Very well. I will accept the plea (Emphasis supplied).
Two facts are of particular importance. First, it should be noted that at the outset of the taking of petitioner's plea his attorney stated that petitioner had not "indicated in any way his guilt in this matter to me." Thus, petitioner apparently was pleading guilty to the charge while at the same time protesting his innocence. And, while this court recognizes that admissions of guilt are not required prior to the entry of a valid guilty plea, North Carolina v. Alford, 400 U.S. 25, 91 S.Ct. 160, 27 L.Ed.2d 162 (1970), it is also well settled that such a guilty plea, accompanied by an affirmation of innocence, particularly requires that a factual basis for the plea indicating the defendant's guilt appears in the record. Id. at 37; United States v. Neel, 547 F.2d 95, 96 (9th Cir. 1976); United States v. Davis, 516 F.2d 574, 577-78 (7th Cir. 1975). Cf. Kloner v. United States, 535 F.2d 730, 734 (2d Cir. 1976), cert. denied, 429 U.S. 942, 97 S.Ct. 361, 50 L.Ed.2d 312. Moreover, the Seventh Circuit has expressly stated that:
Of course, "(w)hen a defendant seeks to plead guilty while protesting his innocence the trial judge is confronted with a danger signal," and he must be especially careful in discharging his duties under Rule 11.
United States v. Davis, supra at 578, quoting United States v. Gaskins, 158 U.S.App.D.C. 267, 485 F.2d 1046, 1049 (1973).
Second, in the case at bar, only the indictment was read to the petitioner and he thereupon was asked, "How do you plead to that count, Mr.
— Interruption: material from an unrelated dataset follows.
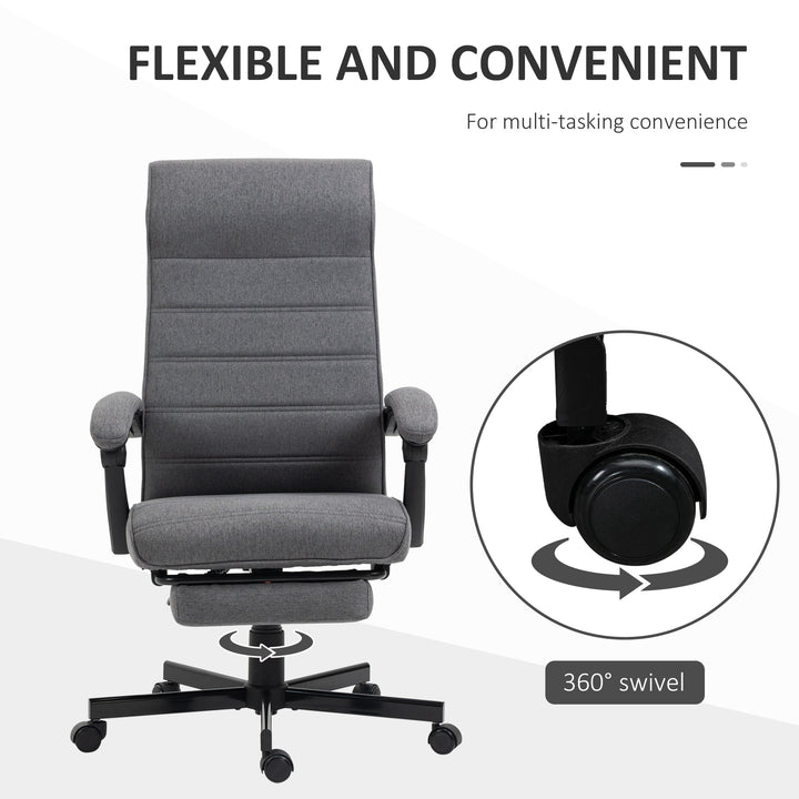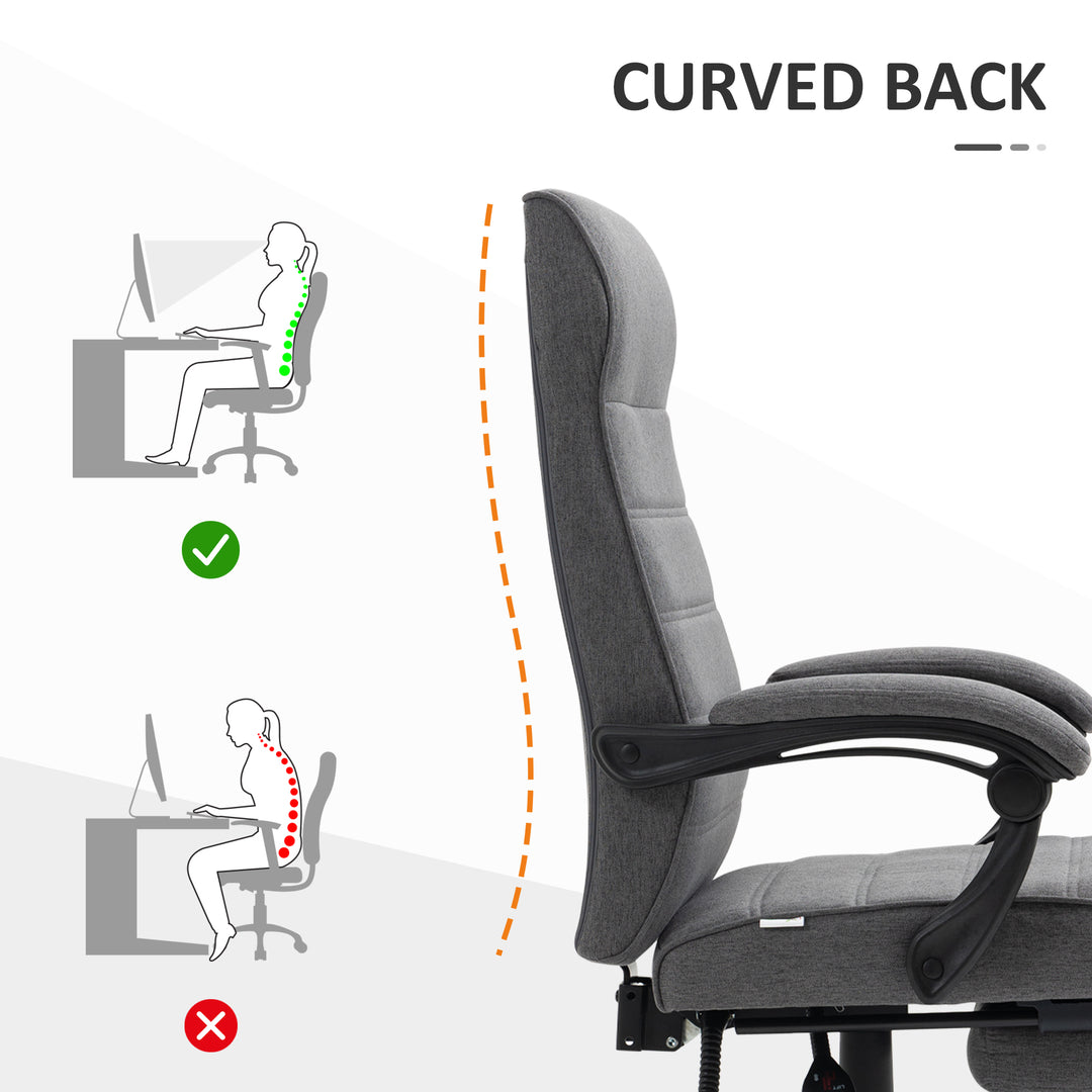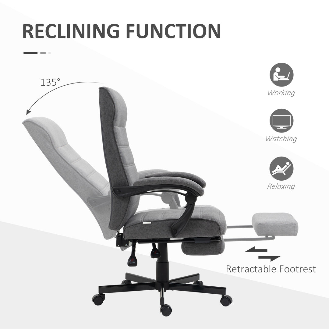 A home office chair, from Vinsetto - use this to get on with your work, wherever you are. A tall back, which is extra padded at the bottom for extra support, reclines back to a maximum 135°; paired with the manual footrest, gives a comfortable spot to rest and take time out. Other ergonomic features include the full-swivel seat, tall back and armrests. Complete with a wheeled base, this comfy chair moves around easily.

Winston." Petitioner's response of "guilty" as well as his response of "Yes, sir," to the next question, "You do so offer your plea of guilty because you are guilty and you do so of your own will and accord, do you," was insufficient to establish a factual basis for the plea. Thus, this case is factually similar to Rizzo v. United States, 516 F.2d 789 (2d Cir. 1975), in which the court held that the mere reading of the indictment to a defendant who plead guilty while protesting his innocence was insufficient for purposes of establishing a rule 11 factual basis for the plea. See also United States v. Price, 538 F.2d 722 (5th Cir. 1976). Moreover, unlike cases such as Jimenez v. United States, 487 F.2d 212 (5th Cir. 1973), cert. denied, 416 U.S. 916, 94 S.Ct. 1623, 40 L.Ed.2d 118 (1974), where the reading of a simple indictment was sufficient to establish a factual basis for a plea where the defendant admits his guilt, in the case at bar the indictment contained complex legal language and was not the recitation of a simple crime.
It is also important to note that petitioner's response of "Yes, sir." was a single response to a two part question. Whether petitioner was admitting his guilty is thus ambiguous from his response.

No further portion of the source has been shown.